- Born: 17 September 1899 Croydon, Surrey
- Died: 4 August 1963 (aged 63) St Leonards-on-Sea, Sussex
- Allegiance: United Kingdom
- Branch: British Army
- Service years: 1866–1884
- Rank: Captain
- Unit: King's Own Royal Regiment (Lancaster)
- Conflicts: Anglo-Zulu War

= Henry Sutherland =

English cricketer and British Army officer

Henry Boyd Sutherland (4 December 1844 – 27 August 1915) was an English officer in the British Army during the 19th century who played in two first-class cricket matches as an amateur in the early 1870s.

Sutherland was born at Croydon in Surrey in 1844, the son of John and Mary Sutherland.
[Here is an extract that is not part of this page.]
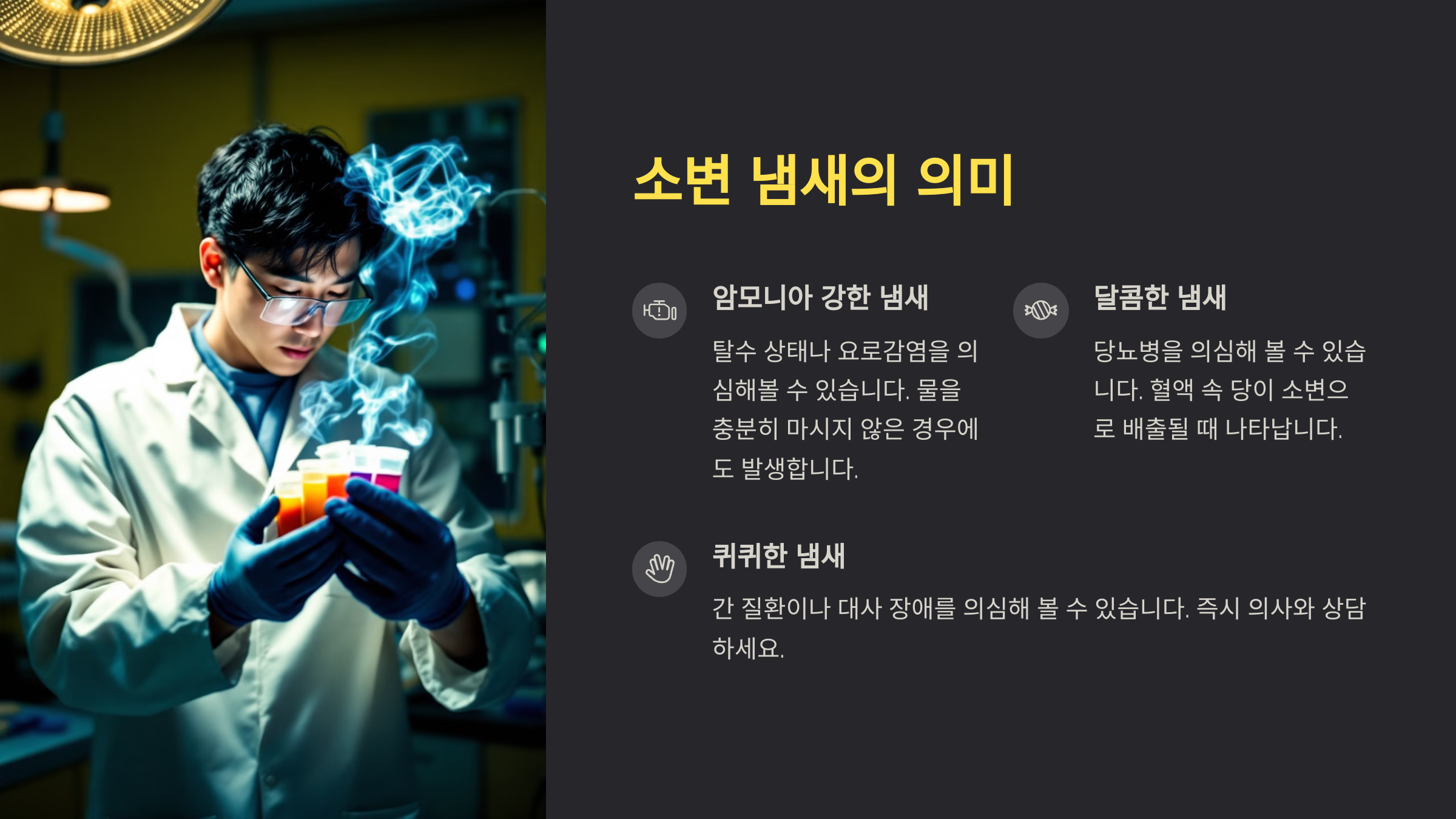 특정 세균이 체내에서 활성화되면 아미노산이나 퓨린이 대사되면서 암모니아 같은 강한 냄새를 유발할 수 있어요. 소변 색이 탁하거나 거품이 심하게 일어난다면 염증 또는 단백뇨 등 신장 관련 질환도 동반되었을 수 있어요. 내가 생각했을 때 이건 놓치지 말고 체크해야 할 신호 같아요.

His father owned land and was a Deputy Lieutenant of Surrey and Sutherland was educated at Eton College where he was in the cricket XI between 1861 and 1863. After leaving school he initially planned to work in the law before choosing to join the British Army in June 1866, commissioned as an Ensign serving in the 4th battalion, The King's Own Royal Regiment. After initially serving in Canada at the Halifax Citadel in Nova Scotia, Sutherland was promoted to lieutenant in 1870 and captain in 1879 before retiring from the army in 1884. He served in the Anglo-Zulu War in 1879 as the garrison adjutant at Maritzburg and, after an accident at the base, was invalided home. He was awarded the South Africa Medal.
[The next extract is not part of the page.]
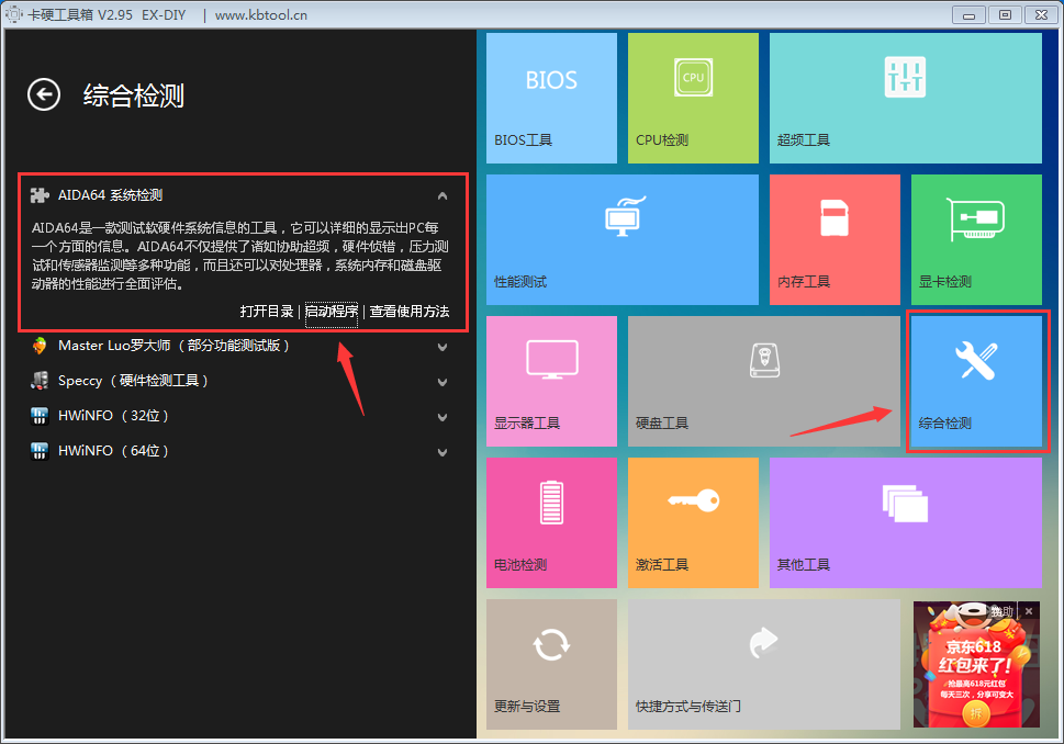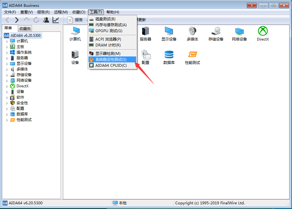 依次单击“综合测试”-“ Aida64系统测试”->启动程序.

Throughout his time in the army, Sutherland played cricket. He played for Cheshire and the Gentlemen of Cheshire whilst stationed at Chester between 1869 and 1871 and played regularly for the Eton Ramblers and, from 1873, for I Zingari. He was stationed at Aldershot and the Royal Arsenal at Woolwich in the south of England between 1871 and 1874. During this time he played in two first-class cricket matches, first appearing for Kent County Cricket Club against the Gentlemen of the Marylebone Cricket Club (MCC) during the 1871 Canterbury Cricket Week and then, in 1883, appearing against Kent in the same fixture.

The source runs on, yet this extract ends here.